The use of the term ‘provincial government’ by the North Eastern Provincial Council was no accident. It revealed a state of mind. That was the first fissure which signalled the dissolution of the Council a year later, in 1990.
The newly elected Northern Provincial Council must avoid such a fate, which in a lose-lose scenario will of course have negative consequences for the Government and the country too. One consequence could be a Kosovo-Sudan scenario, but the other could be prolonged military rule in the North with a greater degree of saturation than in previous years.
The source of error is in the realm of ideas. Sri Lanka is not a federal system and no party or devolved unit within a unitary framework should behave as if it is operating in a federation. It is also absurd to function on the basis that the Sinhalese and Tamil constitute ‘equal communities’ and that therefore the Government and the TNA are equal players. Every human being by virtue of their humanity has equal rights. These are intrinsic and inalienable. Every citizen whatever his or her ethnicity must have equal rights and equal treatment. However, Sri Lanka is not founded as a confederation or federation of constituent and equal communities. It does not recognise the right of self-determination however qualified that right may be. It is a democratic republic and a unitary state, the character of which can be changed only by majority consent at a plebiscite.
Dramatic as the TNA’s victory is its total strength in the North and East amounts to several hundred thousand votes in contradistinction to the many millions of Lankan citizens who disagree drastically with its views. The demographic composition of Sri Lanka is also vastly dissimilar to that of former Yugoslavia or India in which the various ethnic or linguistic communities were/are of roughly similar strength. Sri Lanka is not a patchwork. It has an overwhelming preponderance of a single ethnic community. Not even in a corporate entity are those who hold 75% of shares and those who hold under 10% regarded as equal stakeholders.
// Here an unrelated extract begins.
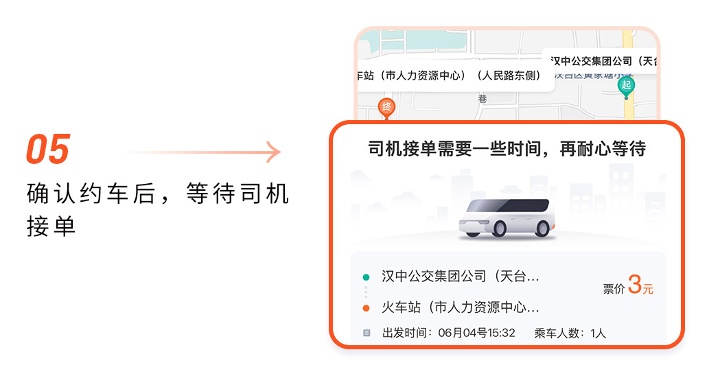 1随叫随“行”:想坐车?提前预约下单!告别“望眼欲穿”的等待,出行时间由您掌控。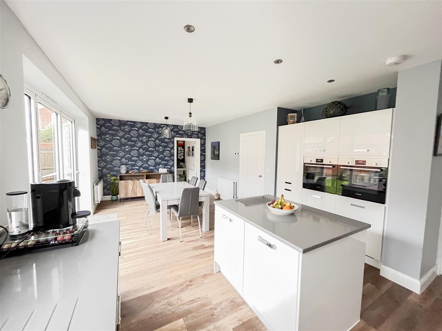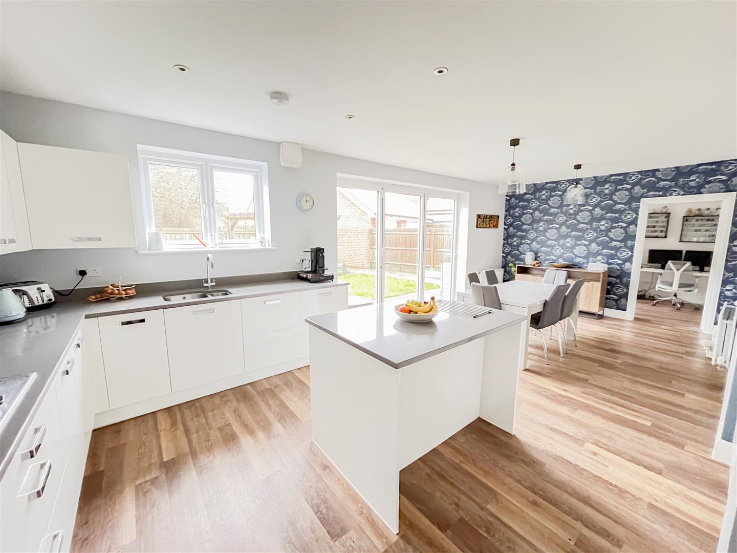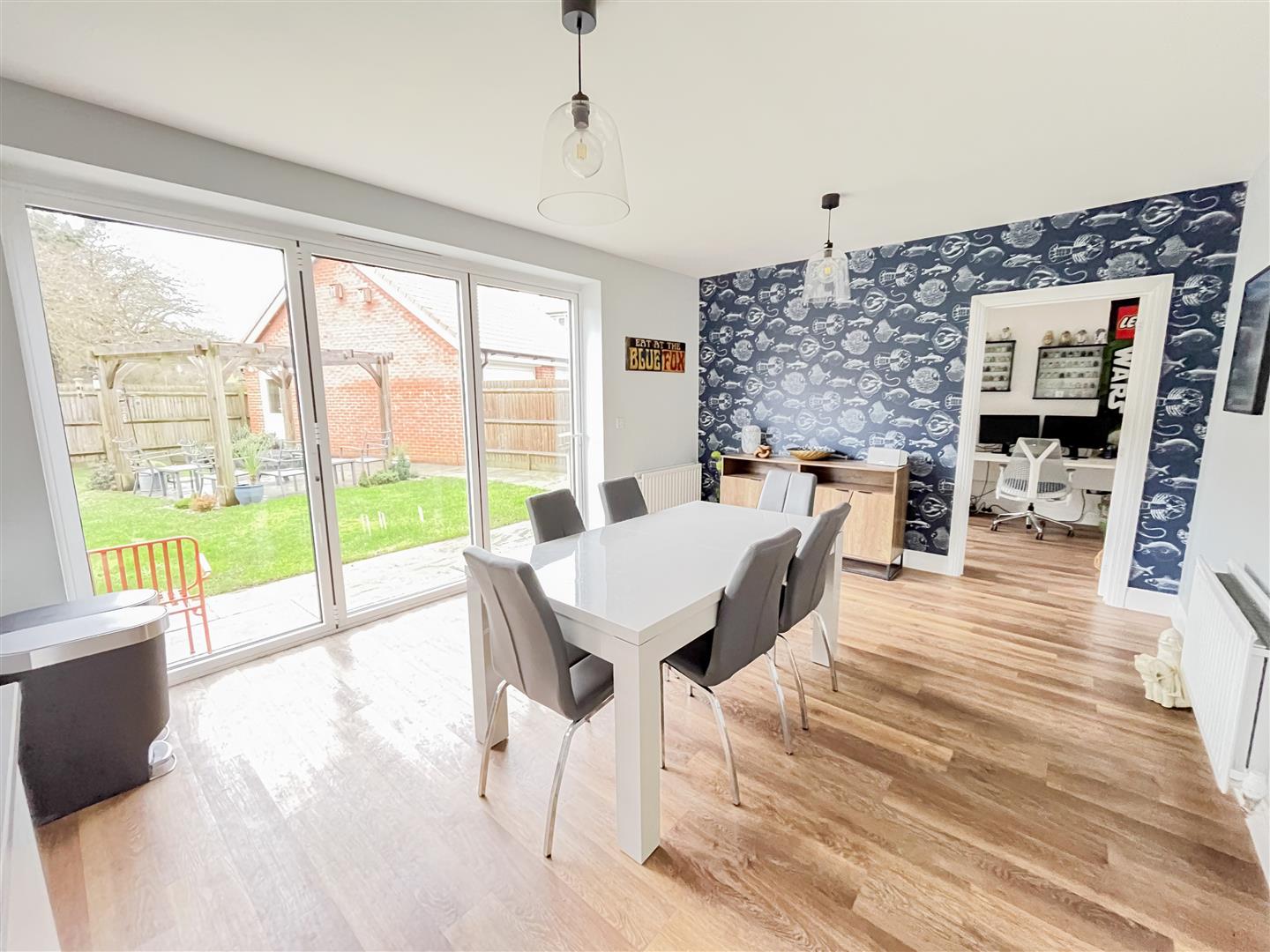 The accommodation is both modern and flexible, featuring two additional reception rooms ideal for use as a study and playroom, alongside a generous lounge with an attractive log burner. The heart of the home is the very large kitchen/diner, which benefits from bi-folding doors opening directly onto the rear garden, creating an excellent indoor-outdoor entertaining space. This is further complemented by a separate utility room and a convenient cloakroom.

This structural asymmetry is a reality which is reflected and reinforced by democracy. This asymmetry does not give the Government or the Sinhalese the right or indeed the capacity to behave as overlords and treat the Tamils of the North as an internal colony of second class citizens. Overwhelming demographic preponderance is not a license for the subordination of an ethnic or any other minority. Similarly, however handsome the mandate given the TNA by 350,000 (out of 20 million) people, the relationship between the Northern Council and the State cannot ignore, still less override axiomatic asymmetries. The Ancient Greeks had it right. That which is equal must not be regarded unequally; nor should that which is unequal be regarded as equal. It is necessary that the realities of the unevenness of power be recognised. The Tamil people, it is said, voted for freedom. The exercise of freedom by a collective as by an individual is conditioned by who and where one is embedded; it is relational. A quintessential ‘modern’, Friedrich Engels, had it right when he said that ‘freedom is the recognition of necessity’.